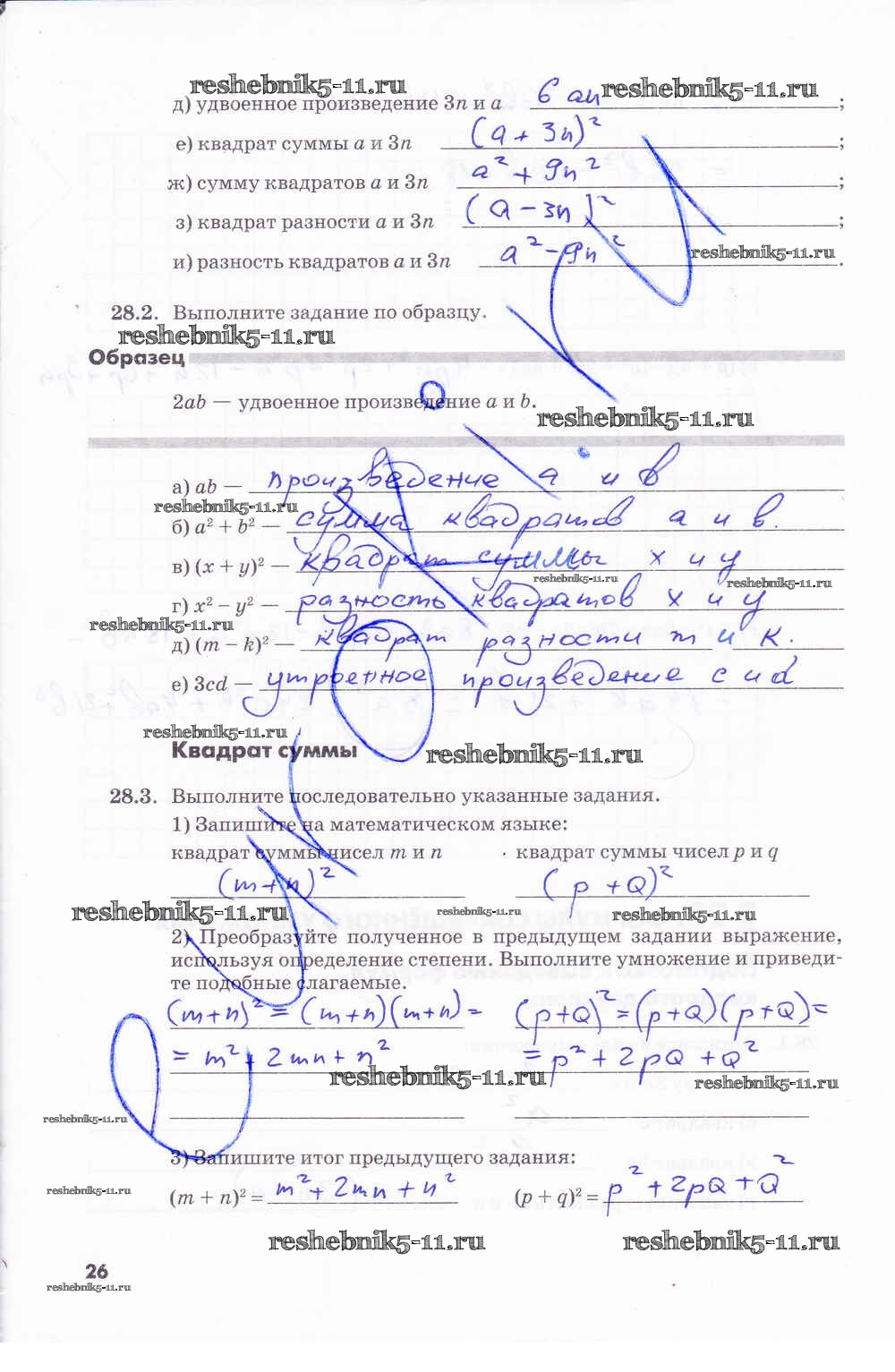 Готовая домашняя работа с ответами по Алгебре за 7 класс Зубарева, Мильштейн Рабочая тетрадь Часть 1, 2 Мнемозина 2019 ФГОС - Часть 2. Страницы 26
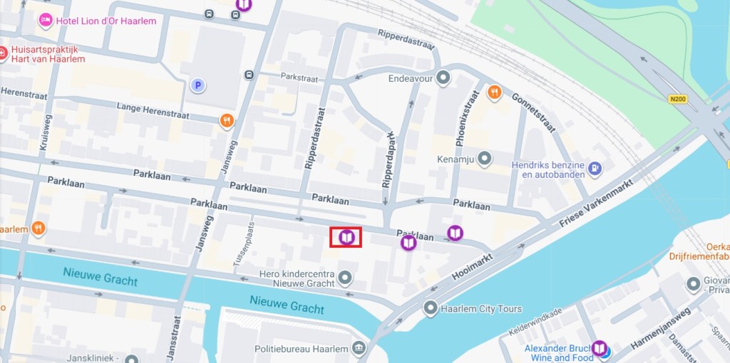 De minibieb staat vlakbij het Spaarne. Op de kaart van Jacques Zuiderwijk: Minibiebs Noord-Holland vind je deze minibieb (zie foto) en alle andere minibiebs.
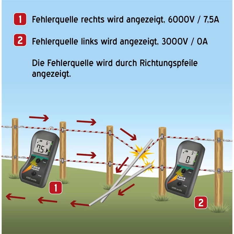 Dieses Digitalgerät ist ein Weidezaunprüfer und Fehlerfinder in einem. Es hilft Ihnen, die Störquelle am Zaun schnell ausfindig zu machen.
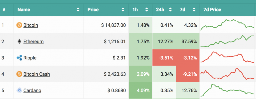 Coingecko also goes with the CMC format but again adds some unique features. The ability to filter cryptocurrencies based on their hashing algorithm is useful for miners and there’s also a section that lists forthcoming ICOs.
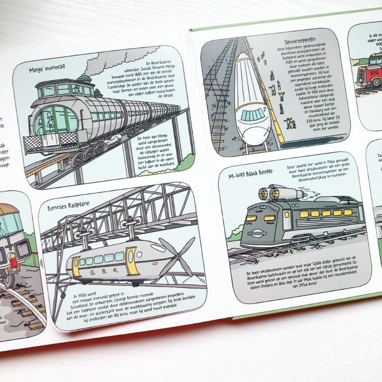 Wij hebben het met veel plezier gelezen en nog wordt het boek er regelmatig bij gepakt. Onze favoriete pagina is helemaal achterin: Gekke treinen. Het belangrijkste misschien wel… Hoe werkt een trein? Krijgt een dikke goedkeuring van opa, die toch echt wel elk boek over dit onderwerp gelezen heeft.
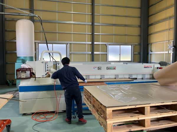 機械にアクリル板をセット→カットされて出てきた板の束をパレットに積み上げます。
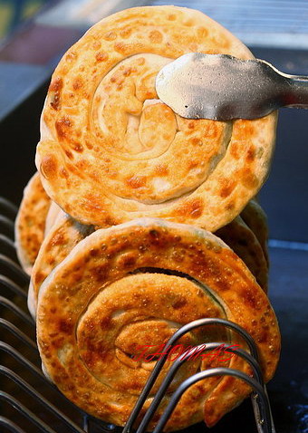 試吃後,豬仔最愛「手工蝸牛餅」25元:跟坊間蔥油餅不同的「手工鍋牛餅」,曾經一天賣出300張。把或著蔥的水麵揉成長條狀,再捲成一大圈,做成鍋牛般的可愛形狀。因為油脂少,較蔥油餅多了分清爽,吃來外酥內軟,帶有淡雅蔥花餘韻。
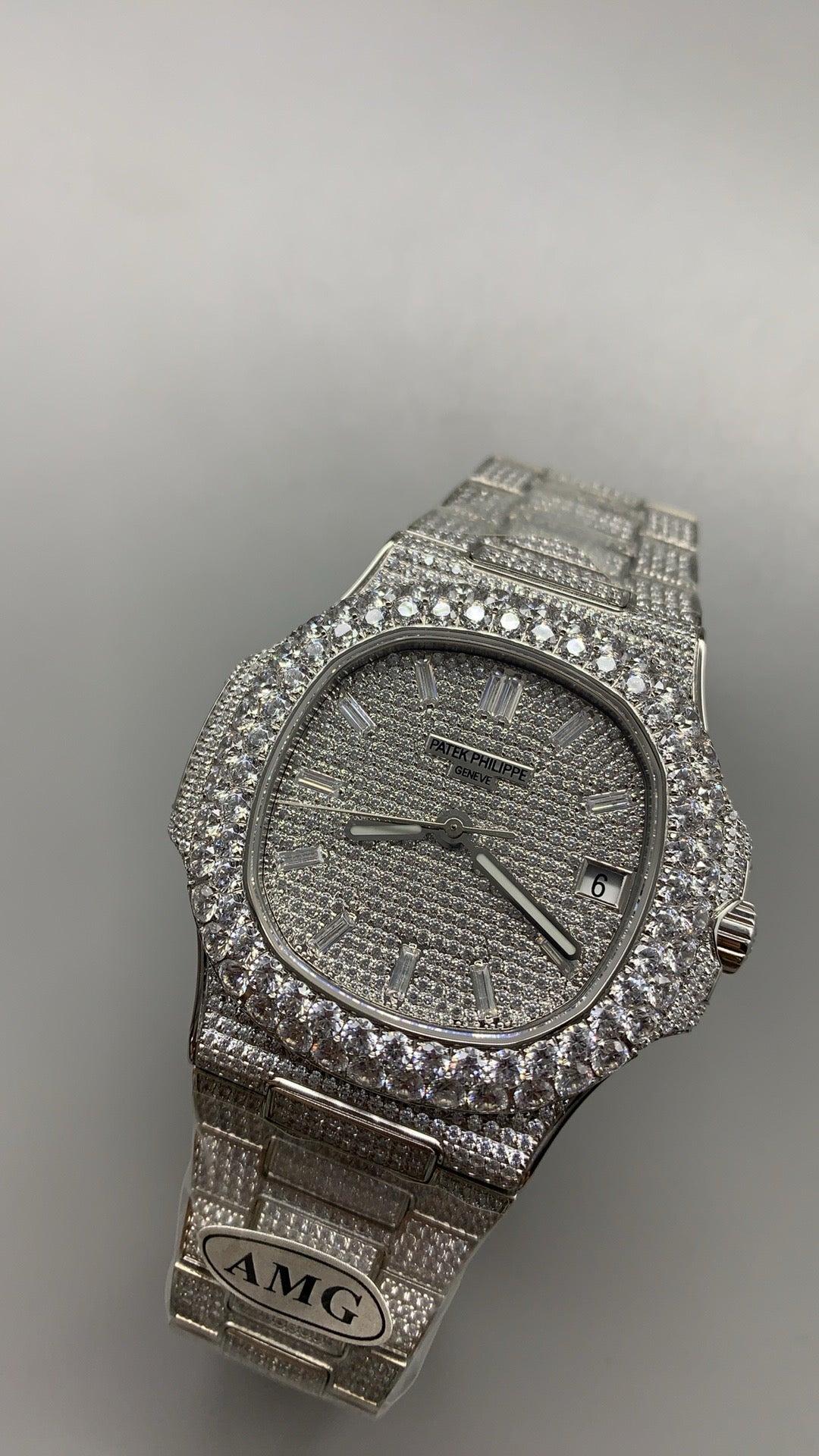 The Patek Philippe Nautilus reference 5719/1G is an extraordinary high-jewelry timepiece crafted in white gold and fully set with brilliant-cut diamonds. Featuring a diamond-paved dial, bezel, and integrated bracelet, this ultra-luxurious Nautilus combines iconic sporty design with exceptional gem-setting artistry and elite Swiss watchmaking.
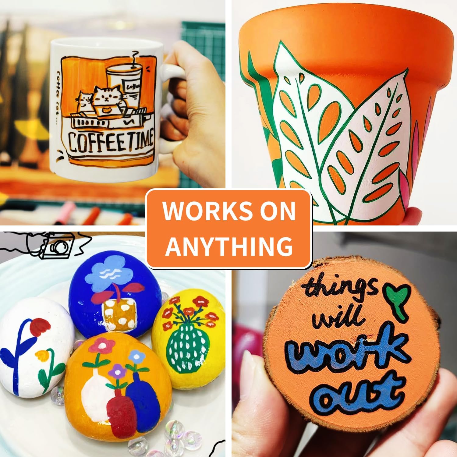 - Quick-Drying: Featuring quick-drying oil-based ink that resists water, fading and abrasion. The oil based paint pens is glossy. For Instant gratification: Get your projects completed in record time with our quick-drying markers, Drying time 45 - 60 seconds
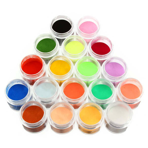 Features: 1. The set contains totally 12, 18, 24 different colors. 2. Just add powder to whatever you are using either gel or acrylic. 3. These colors may be used to make 3D nail art or mixed with glitters or overlaid with shell, opal flakes for outstanding results. 4. They can be used on natural or false nail tips. 5. Clean the surface of your nails, brush the base polish, place it onto nails. 6. Suitable for both professional use and personal use.
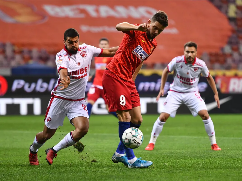 Alexander David Gonzalez Sibulo si Sergiu Florin Bus in meciul de fotbal dintre FCSB si Dinamo Bucuresti, contand pentru Liga 1 Casa Pariurilor, desfasurat fara spectatori pe Arena Nationala din Bucuresti, sambata 3 octombrie 2020. © FOTO:Razvan Pasarica/SPORT PICTURES
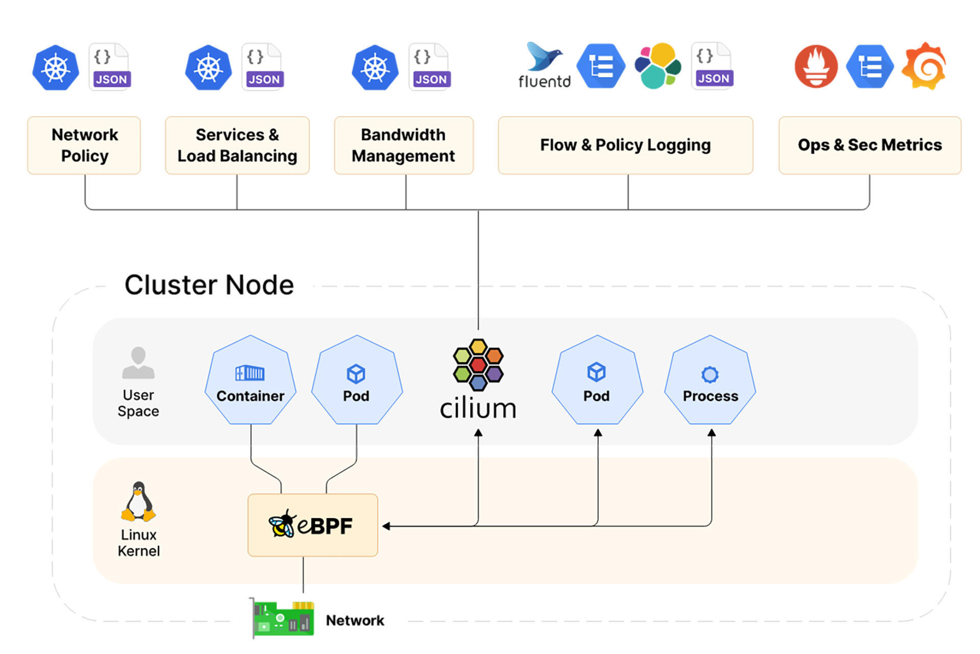 而Cilium则是基于eBPF,直接把这些逻辑动态的扩展到了内核中,所以性能会远高于传统的方法,你可以对照下面的架构图看一看。
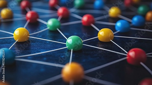 Colorful connected spheres on blue background for network, social media, tech concepts
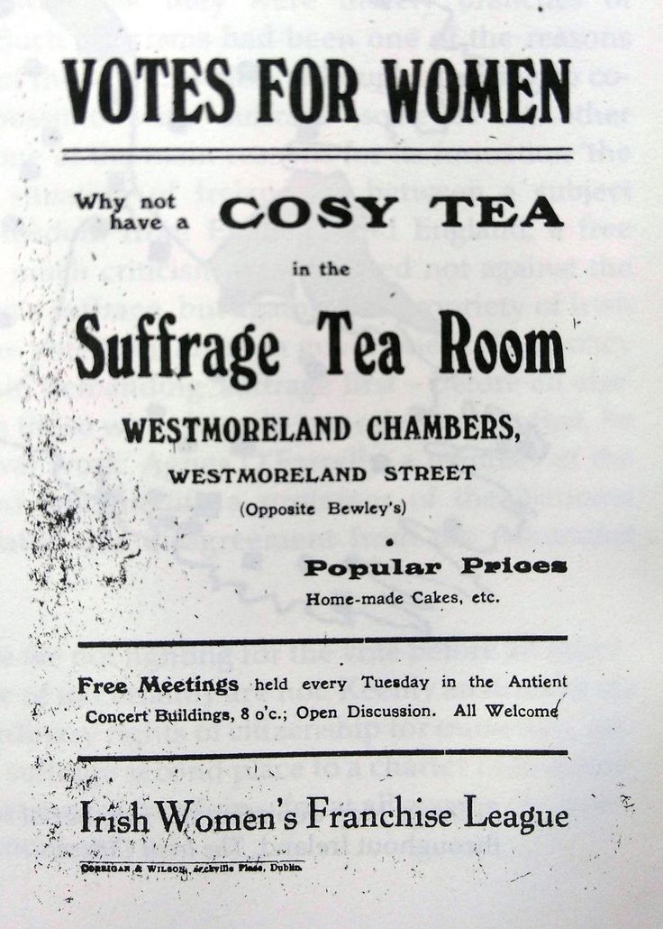 Los salones de té funcionaban no solo como centro de reunión para sufragistas, sino también como un lugar perfecto en el que sumar nuevas adeptas a la causa: eran espacios en los que muchas veces solo había mujeres y en los que en más de una ocasión alguna líder sufragista aprovechó para dar un discurso.
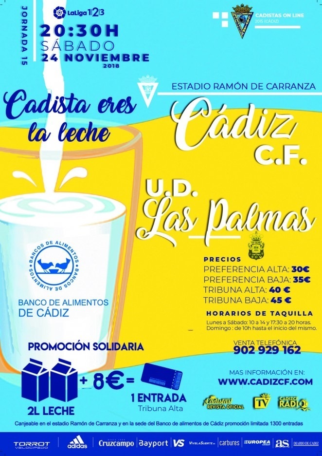 El club cadista, en estrecha colaboración con el Banco de Alimentos de Cádiz, entidad con la que tiene convenio y con la que ha realizado numerosas acciones conjuntas en las últimas fechas, pone a disposición de esta 1.300 entradas de Tribuna Alta.
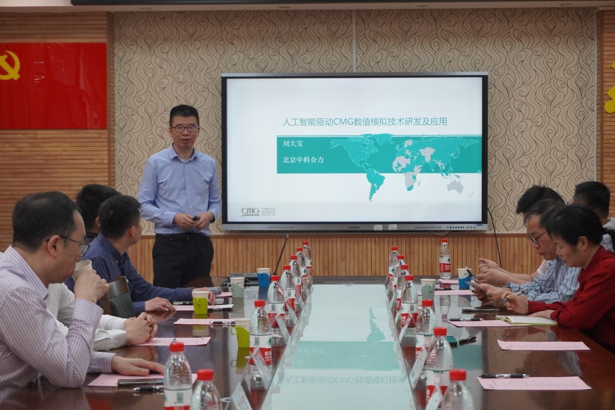 会上,刘大宝以“人工智能驱动的CMG数值模拟技术研发及应用”为题作学术报告。双方人员围绕碳中和及能源转型领域大型化、复杂化和一体化数值模拟应用经验、油藏数值模拟软件的开发与应用、人工智能技术发展、跳高高电子人才培养
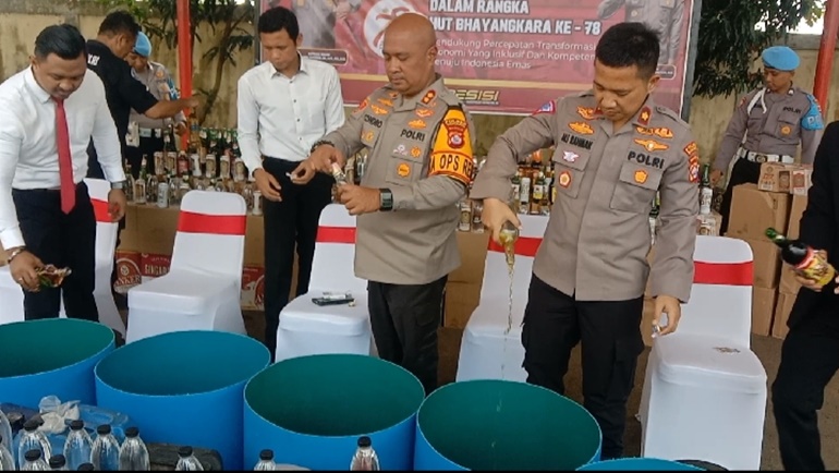 lBC, Serang - Dalam rangkaian peringatan Hari Bhayangkara ke-78, Polres Serang melakukan pemusnahan minuman keras (miras) sebanyak 5.061 botol di Mapolres Serang, Senin 1 Juli 2024.
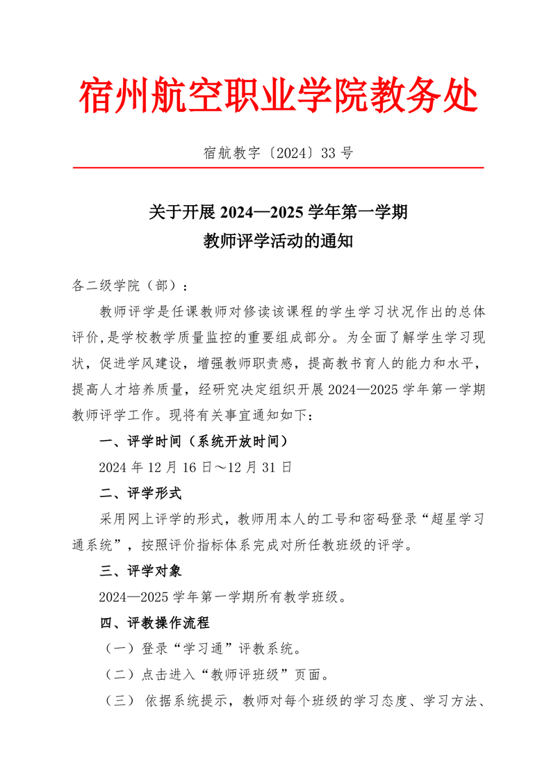关于开展2024—2025学年第一学期教师评学活动的通知
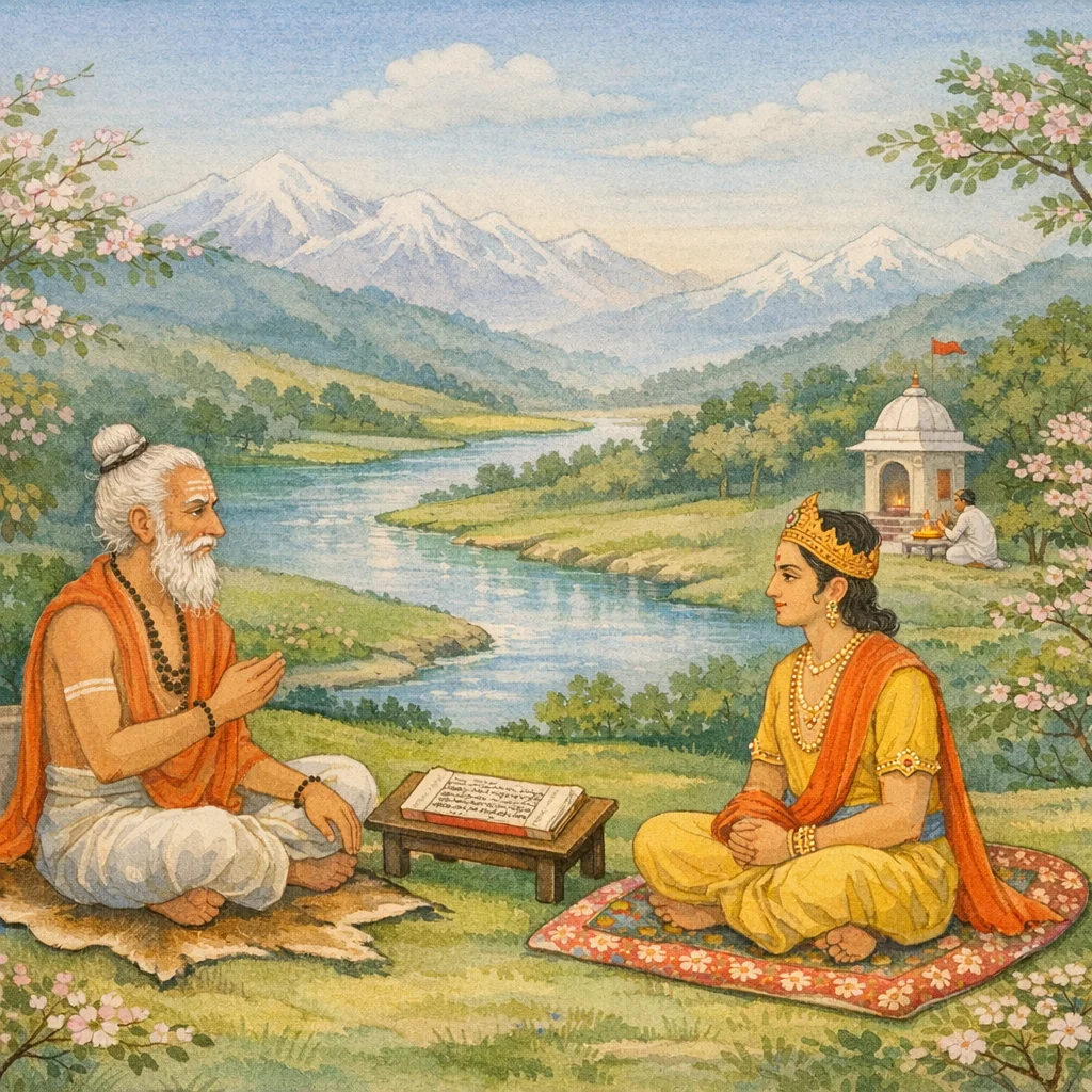«Ô justes, vous interrogez d’une manière très excellente sur tous les principes véritables. Le premier, le plus éminent, est appelé Meru, entouré de devarṣis et de gandharvas.»
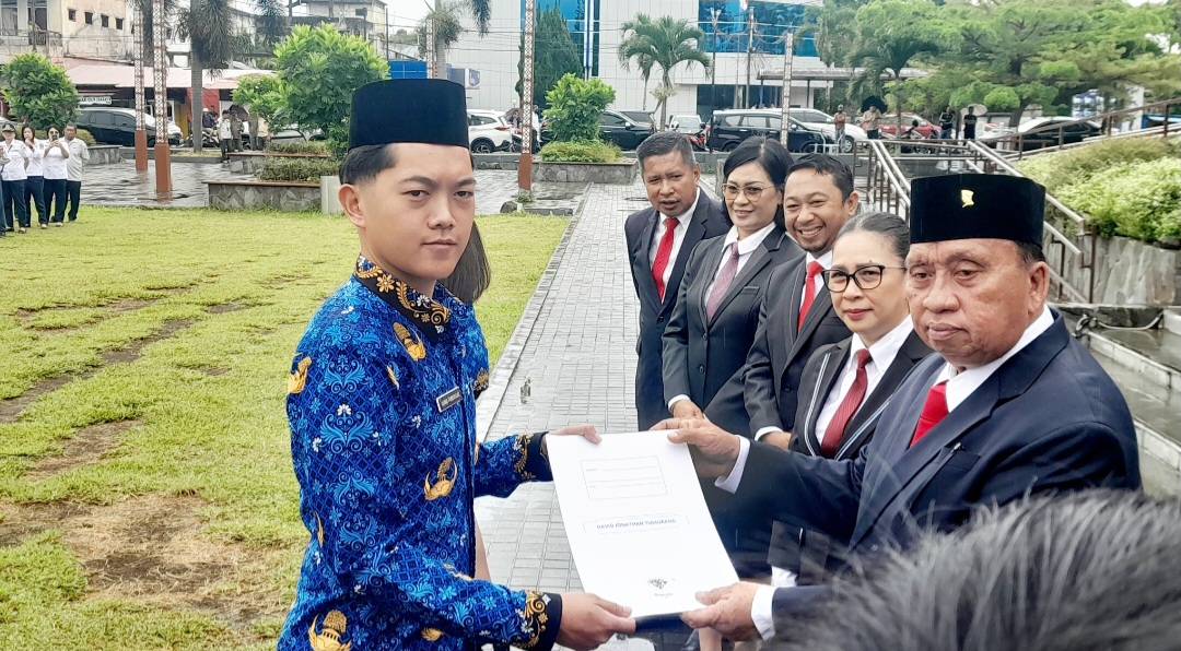 Pada kesempatan yang sama, Bupati Robby Dondokambey juga menyerahkan Surat Keputusan (SK) Calon Pegawai Negeri Sipil (CPNS) kepada para penerima.

### Problem details
Print the lines from the beginning of the records up to and including the line containing "De minibieb staat", word for word, with no pictures.

### Result for this exercise
 Готовая домашняя работа с ответами по Алгебре за 7 класс Зубарева, Мильштейн Рабочая тетрадь Часть 1, 2 Мнемозина 2019 ФГОС - Часть 2. Страницы 26
 De minibieb staat vlakbij het Spaarne. Op de kaart van Jacques Zuiderwijk: Minibiebs Noord-Holland vind je deze minibieb (zie foto) en alle andere minibiebs.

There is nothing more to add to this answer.